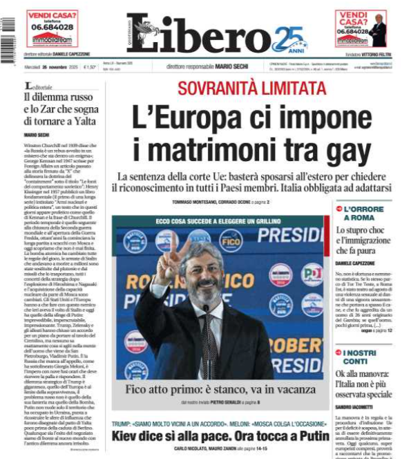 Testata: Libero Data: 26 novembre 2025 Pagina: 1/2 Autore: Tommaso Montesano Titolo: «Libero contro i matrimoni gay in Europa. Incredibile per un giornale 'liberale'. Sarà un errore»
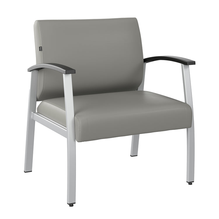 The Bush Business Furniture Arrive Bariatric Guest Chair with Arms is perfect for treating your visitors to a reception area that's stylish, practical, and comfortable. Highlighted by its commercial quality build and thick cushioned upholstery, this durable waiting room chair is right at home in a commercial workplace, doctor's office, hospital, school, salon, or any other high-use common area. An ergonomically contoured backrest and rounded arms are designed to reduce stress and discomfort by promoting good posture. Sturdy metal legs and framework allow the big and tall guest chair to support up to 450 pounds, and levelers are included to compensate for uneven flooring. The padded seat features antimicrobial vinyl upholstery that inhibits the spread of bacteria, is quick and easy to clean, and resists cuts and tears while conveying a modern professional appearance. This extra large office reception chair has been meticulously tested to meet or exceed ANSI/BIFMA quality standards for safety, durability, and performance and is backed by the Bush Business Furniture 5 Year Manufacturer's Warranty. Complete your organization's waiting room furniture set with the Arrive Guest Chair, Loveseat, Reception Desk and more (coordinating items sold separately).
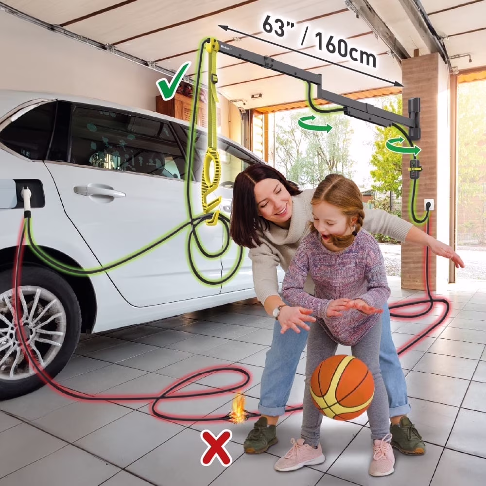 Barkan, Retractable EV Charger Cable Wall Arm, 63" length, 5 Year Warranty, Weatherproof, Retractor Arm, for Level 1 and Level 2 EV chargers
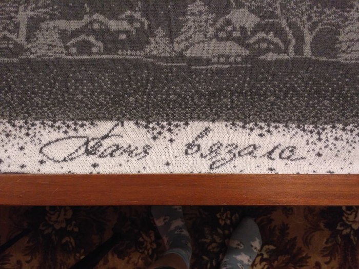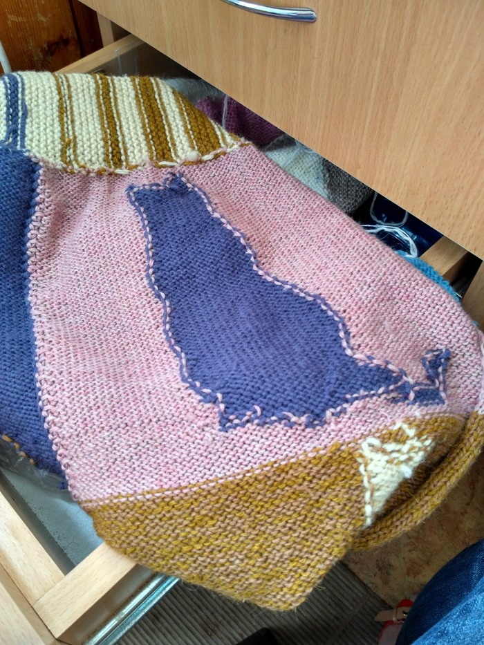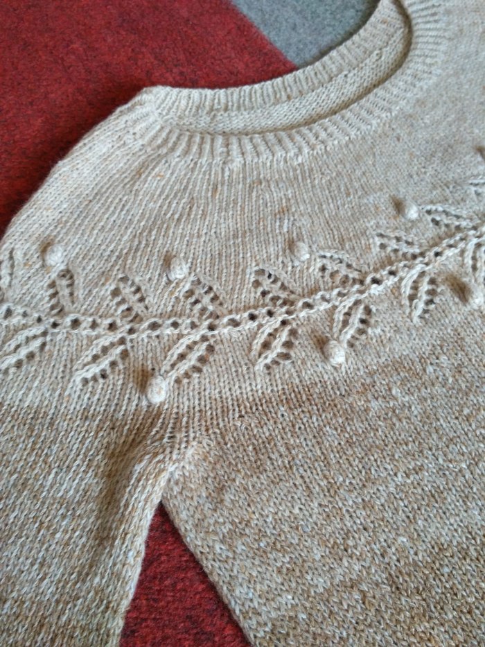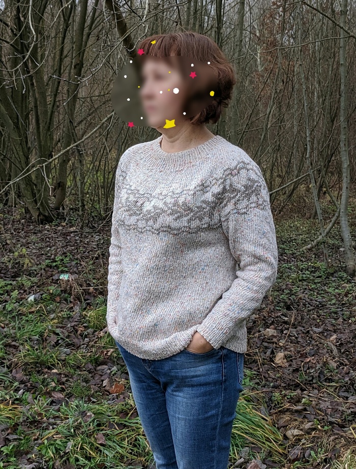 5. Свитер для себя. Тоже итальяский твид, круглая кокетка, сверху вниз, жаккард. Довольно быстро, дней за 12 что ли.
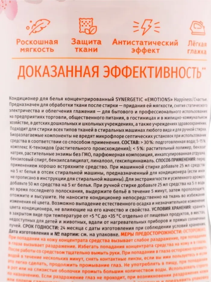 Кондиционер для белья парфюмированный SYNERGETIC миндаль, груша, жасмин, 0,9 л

====

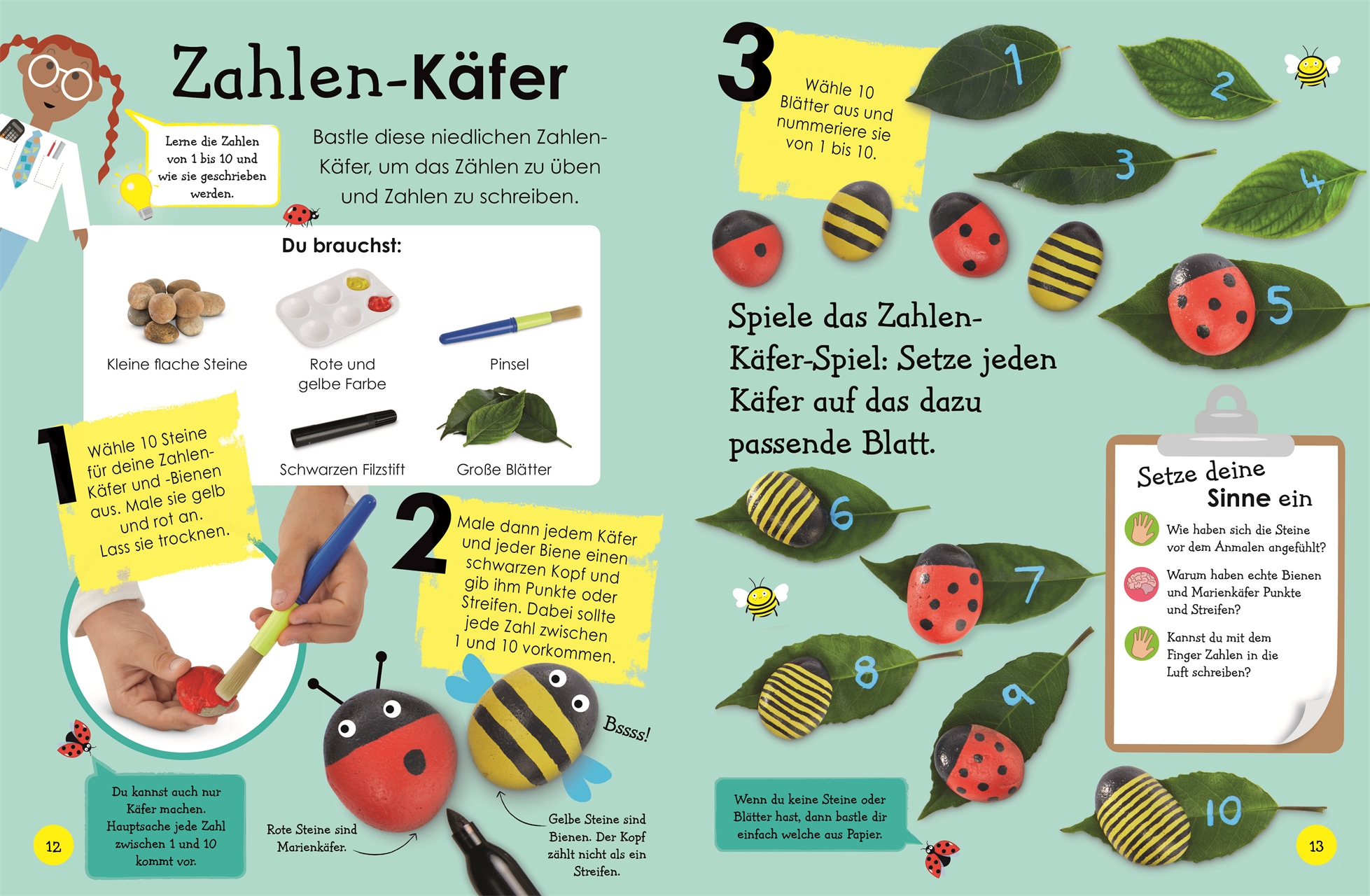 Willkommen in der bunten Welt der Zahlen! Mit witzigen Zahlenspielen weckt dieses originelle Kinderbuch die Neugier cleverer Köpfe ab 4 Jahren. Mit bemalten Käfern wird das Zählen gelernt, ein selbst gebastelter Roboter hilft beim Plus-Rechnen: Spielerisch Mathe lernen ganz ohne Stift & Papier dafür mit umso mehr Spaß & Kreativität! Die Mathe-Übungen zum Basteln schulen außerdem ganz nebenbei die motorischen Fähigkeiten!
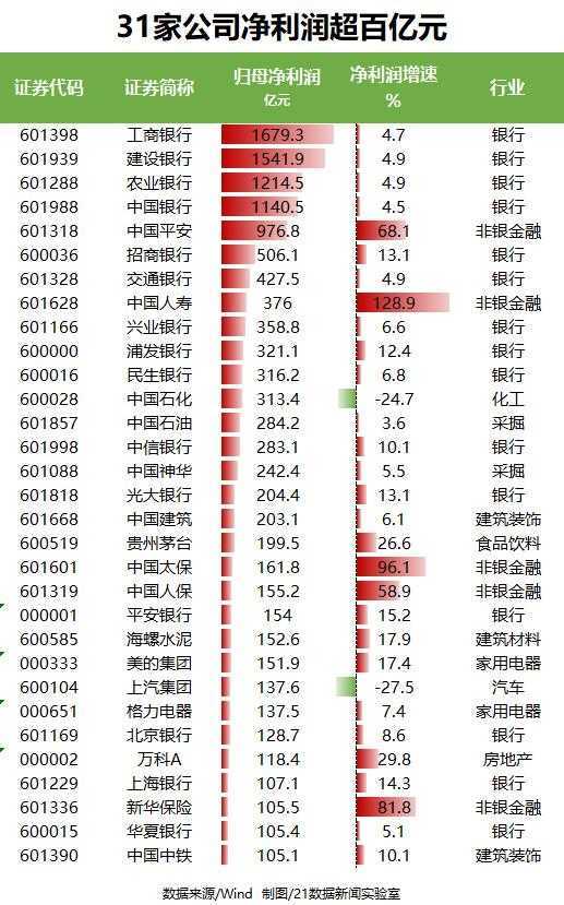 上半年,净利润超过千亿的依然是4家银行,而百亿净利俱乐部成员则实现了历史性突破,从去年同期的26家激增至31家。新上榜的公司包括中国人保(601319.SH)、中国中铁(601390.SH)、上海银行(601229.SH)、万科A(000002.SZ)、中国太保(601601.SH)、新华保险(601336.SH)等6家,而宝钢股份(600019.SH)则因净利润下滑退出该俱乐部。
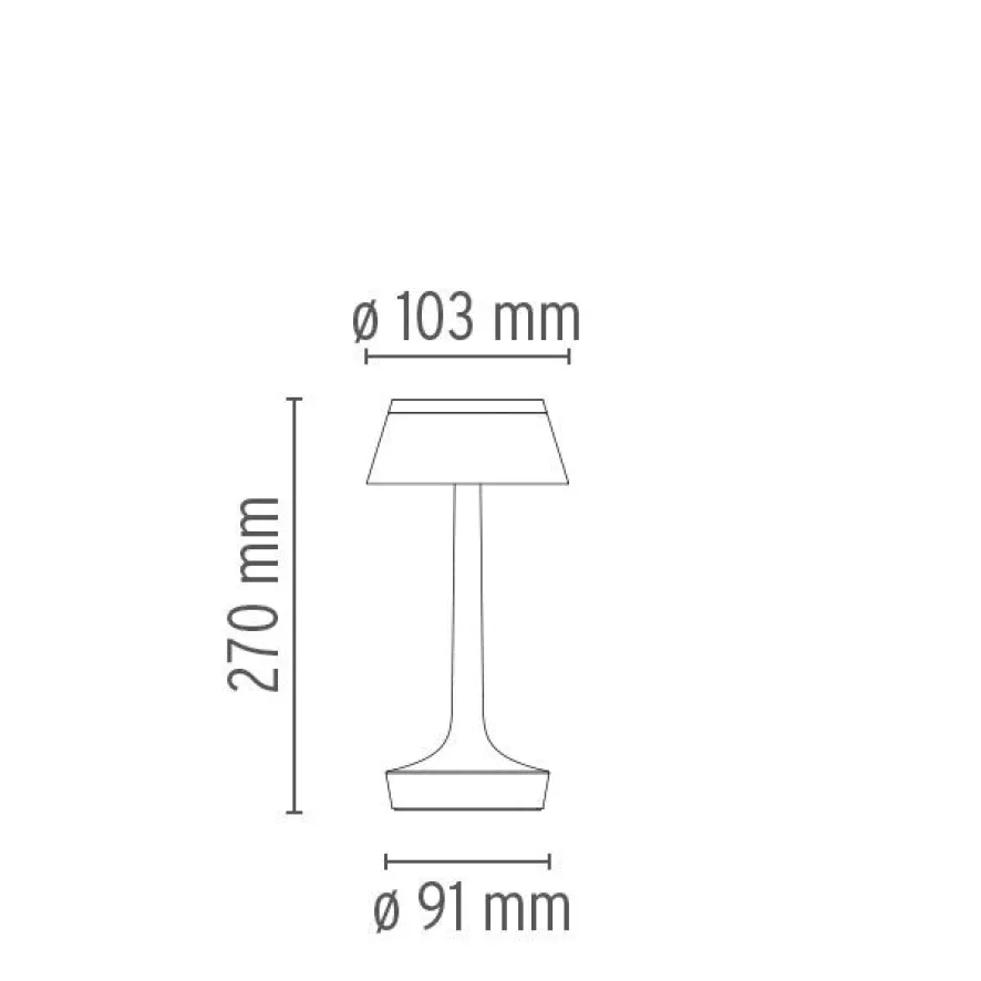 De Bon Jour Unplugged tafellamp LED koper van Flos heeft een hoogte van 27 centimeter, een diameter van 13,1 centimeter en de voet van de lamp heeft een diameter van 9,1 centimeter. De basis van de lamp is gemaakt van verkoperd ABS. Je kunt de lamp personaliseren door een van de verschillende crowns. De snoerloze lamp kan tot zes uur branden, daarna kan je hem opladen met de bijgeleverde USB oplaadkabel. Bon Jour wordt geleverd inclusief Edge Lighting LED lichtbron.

====

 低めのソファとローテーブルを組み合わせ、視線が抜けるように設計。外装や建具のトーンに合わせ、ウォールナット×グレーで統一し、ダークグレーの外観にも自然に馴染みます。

====

**Assigned task:**
Each line from the one that contains "Testata: Libero Data: 26" down to the one that contains "Кондиционер для белья" is to be returned exactly as it stands above, both ends included, with pictures removed.

**Output below:**
 Testata: Libero Data: 26 novembre 2025 Pagina: 1/2 Autore: Tommaso Montesano Titolo: «Libero contro i matrimoni gay in Europa. Incredibile per un giornale 'liberale'. Sarà un errore»
 The Bush Business Furniture Arrive Bariatric Guest Chair with Arms is perfect for treating your visitors to a reception area that's stylish, practical, and comfortable. Highlighted by its commercial quality build and thick cushioned upholstery, this durable waiting room chair is right at home in a commercial workplace, doctor's office, hospital, school, salon, or any other high-use common area. An ergonomically contoured backrest and rounded arms are designed to reduce stress and discomfort by promoting good posture. Sturdy metal legs and framework allow the big and tall guest chair to support up to 450 pounds, and levelers are included to compensate for uneven flooring. The padded seat features antimicrobial vinyl upholstery that inhibits the spread of bacteria, is quick and easy to clean, and resists cuts and tears while conveying a modern professional appearance. This extra large office reception chair has been meticulously tested to meet or exceed ANSI/BIFMA quality standards for safety, durability, and performance and is backed by the Bush Business Furniture 5 Year Manufacturer's Warranty. Complete your organization's waiting room furniture set with the Arrive Guest Chair, Loveseat, Reception Desk and more (coordinating items sold separately).
 Barkan, Retractable EV Charger Cable Wall Arm, 63" length, 5 Year Warranty, Weatherproof, Retractor Arm, for Level 1 and Level 2 EV chargers
 5. Свитер для себя. Тоже итальяский твид, круглая кокетка, сверху вниз, жаккард. Довольно быстро, дней за 12 что ли.
 Кондиционер для белья парфюмированный SYNERGETIC миндаль, груша, жасмин, 0,9 л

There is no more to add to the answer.